Indium Tin Oxide (ITO) has widely been used as a transparent conductive oxide (TCE) for photovoltaic devices. Lately, flexibility of ITO becomes an issue as demand of flexible device increases. Several scientists have tried to substitute ITO to different materials such as conductive polymer, graphene, CNT, and metal nanowire because of ITO brittleness. Among the substitute materials, PEDOT:PSS has mostly paid attention because PEDOT:PSS has excellent flexibility and good conductivity. The conductivity of PEDOT:PSS increases up to 1000 S/cm with additives such as DMSO, EG, sorbitol, and so on.

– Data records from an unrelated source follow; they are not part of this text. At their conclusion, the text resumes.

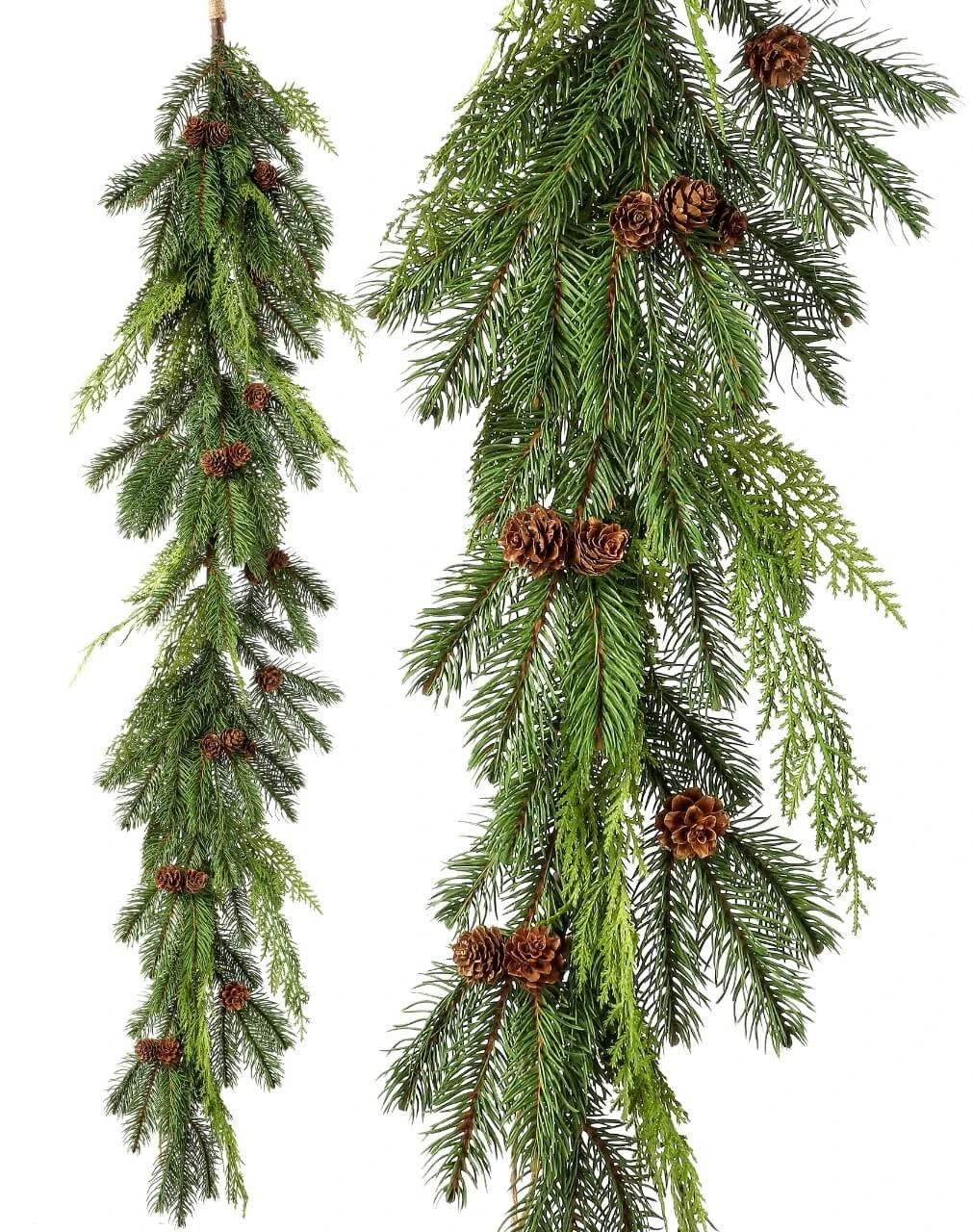 This 4-foot natural pine garland is sure to impress with its natural look and dynamic texture. Perfect as-is for a minimalistic look, or for pairing with a few natural sprays the will add a amplified look. Drape this two-toned beauty on a mantle corner or combine a few to hang over a door or wrap a bannister. Versatile and timeless, this woodland pine garland offers quality that will last for years to come.Β Β
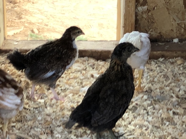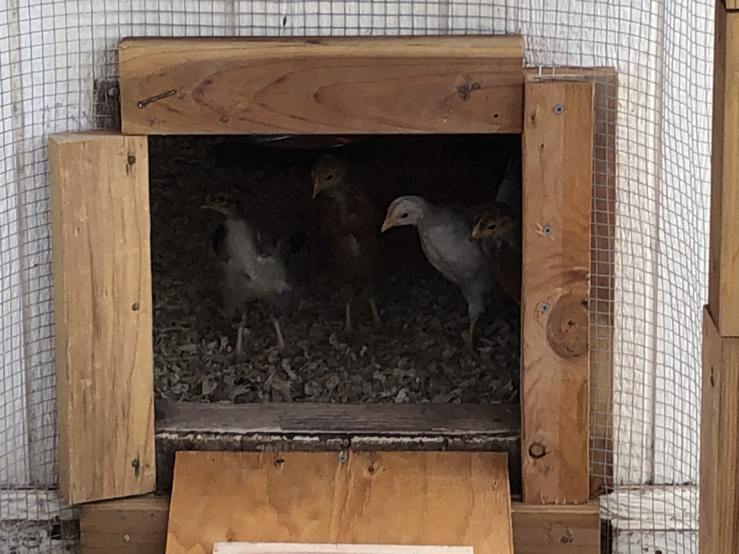 The three smaller chicks will probably go into the coop in a chick box at the end of this week. We are supposed to have some cold days, so we will keep them in the house a bit longer.
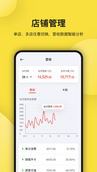 1、单店、多店任意切换,老板、店员可在APP上随时查看门店经营状;
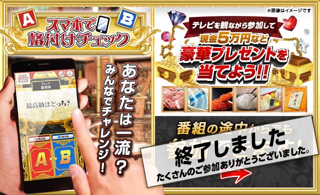 一流芸能人たちがチームを組んでさまざまなチェックに挑み、間違えるごとに一流→普通→二流→三流→そっくりさん、そして最後には“映す価値なし(画面から消滅)”とランクがどんどんダウンしてゆく、元祖格付けバラエティーの決定版!今回は「芸能人格付けチェック 食と芸術の秋3時間スペシャル」と題し、日本を代表する一流芸能人たちがプライドとメンツをかけ、“食と芸術”にまつわる6つのチェックに挑戦する!!
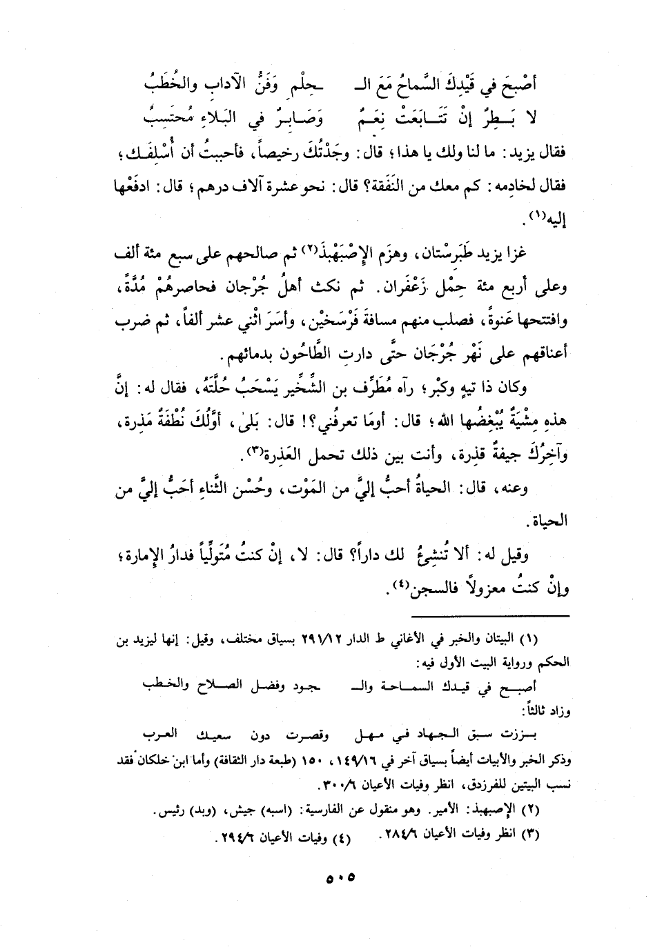 (1) البيتان والخبر في الاغاني ط الدار 12 / 291 بسياق مختلف، وقيل: إنها ليزيد بن الحكم ورواية البيت الأول فيه: أصبح في قيدك السماحة وال * جود وفضل الصلاح والخطب وزاد ثالثا: بززت سبق الجهاد في مهل * وقصرت دون سعيك العرب وذكر الخبر والابيات أيضا بسياق آخر في 16 / 149، 150 (طبعة دار الثقافة) وأما ابن خلكان فقد نسب البيتين للفرزدق، انظر وفيات الأعيان 6 / 300.

In our research group, we introduce a conductive polymer PEDOT:PSS as a buffer layer to improve not only flexibility but also conductivity. As PEDOT:PSS layer forms beneath ITO thin film (20 nm), sheet resistance decreases from $230{\Omega}$/${\Box}$ to $85{\Omega}$/${\Box}$ and crack initiation decreases from 4.5 mm to 3.5 mm as well. We have fabricated organic photovoltaic device and power conversion efficiencies using conventional ITO electrode and ITO/PEDOT:PSS hybrid electrode. The photovoltaic property such as power conversion efficiency for ITO/PEDOT:PSS hybrid electrode is comparable to the value obtained using conventional ITO electrode on glass substrate.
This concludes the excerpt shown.